CSS 2.0 has introduces a whole mariad of features to give you more control.
Just picking your node to effect is more powerfull. The following is right from the w3c site.
- * - Matches any element.
- E - Matches any E element (i.e., an element of type E).
- E F - Matches any F element that is a descendant of an E element.
- E > F - Matches any F element that is a child of an element E.
- E:first-child - Matches element E when E is the first child of its parent.
- E:link, E:visited - Matches element E if E is the source anchor of a hyperlink of which the target is not yet visited - (:link) or already visited (:visited).
- E:active, E:hover, E:focus - Matches E during certain user actions.

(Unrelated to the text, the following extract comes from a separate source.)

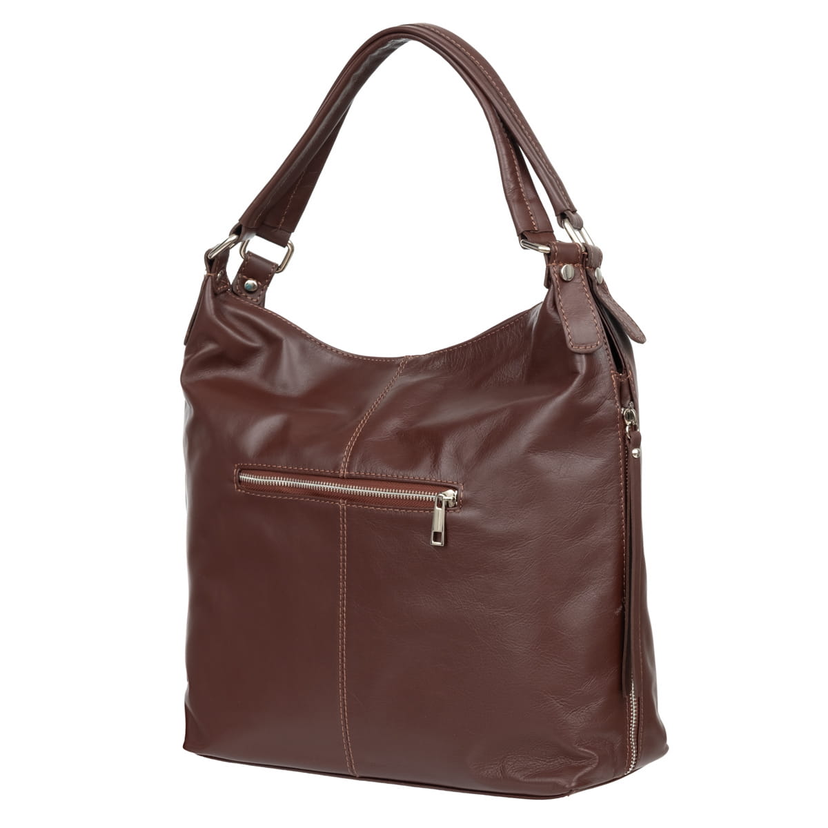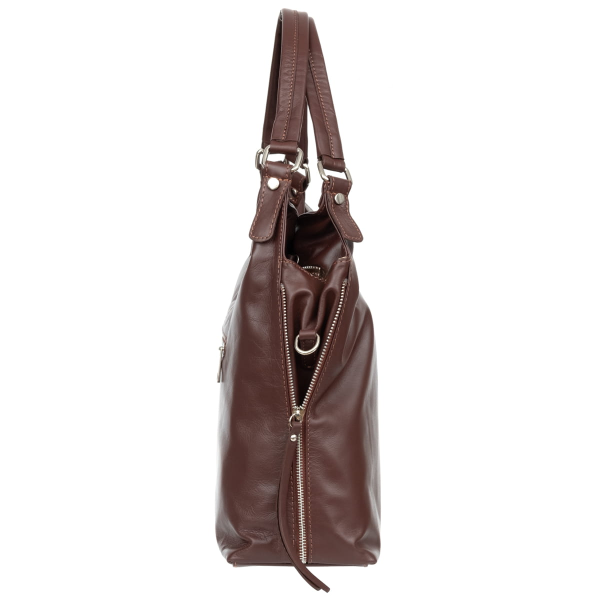 Pojemna torba damska wykonana z wysokogatunkowej naturalnej włoskiej skóry licowej. Z wygodnymi skórzanymi uchwytami i odpinanym paskiem. Torbę można powiększyć przez rozpięcie bocznych suwaków.

- E:lang(c) - Matches element of type E if it is in (human) language c (the document language specifies how language is determined).
E + F - Matches any F element immediately preceded by an element E. - E[foo] - Matches any E element with the "foo" attribute set (whatever the value).
E[foo="warning"] - Matches any E element whose "foo" attribute value is exactly equal to "warning". - E[foo~="warning"] - Matches any E element whose "foo" attribute value is a list of space-separated values, one of which is exactly equal to "warning".
E[lang="en"] - Matches any E element whose "lang" attribute has a hyphen-separated list of values beginning (from the left) with "en". - DIV.warning - HTML only. The same as DIV[class~="warning"].
- E#myid - Matches any E element ID equal to "myid".
If you missed the fact that you can select more than one node from the above list, you can also group common aspects of a collection of nodes into a single CSS entry. There by reducing your typing.
Just go here: http://www.w3.org/TR/REC-CSS2/cascade.html
"Why should I go through this if my content never changes?"
Simple, browsers do. What works on your site today, may not work on your site tomorrow.
Switching from IE 6 to 7 broke several sites. Some IT heads were scrambling to play catch up, so their sites would remain useful.
Also, a good CSS means you can use it on several pages, keeping your site looking consistant.
I'll post more on this later, but I hope I have given you a good starting point.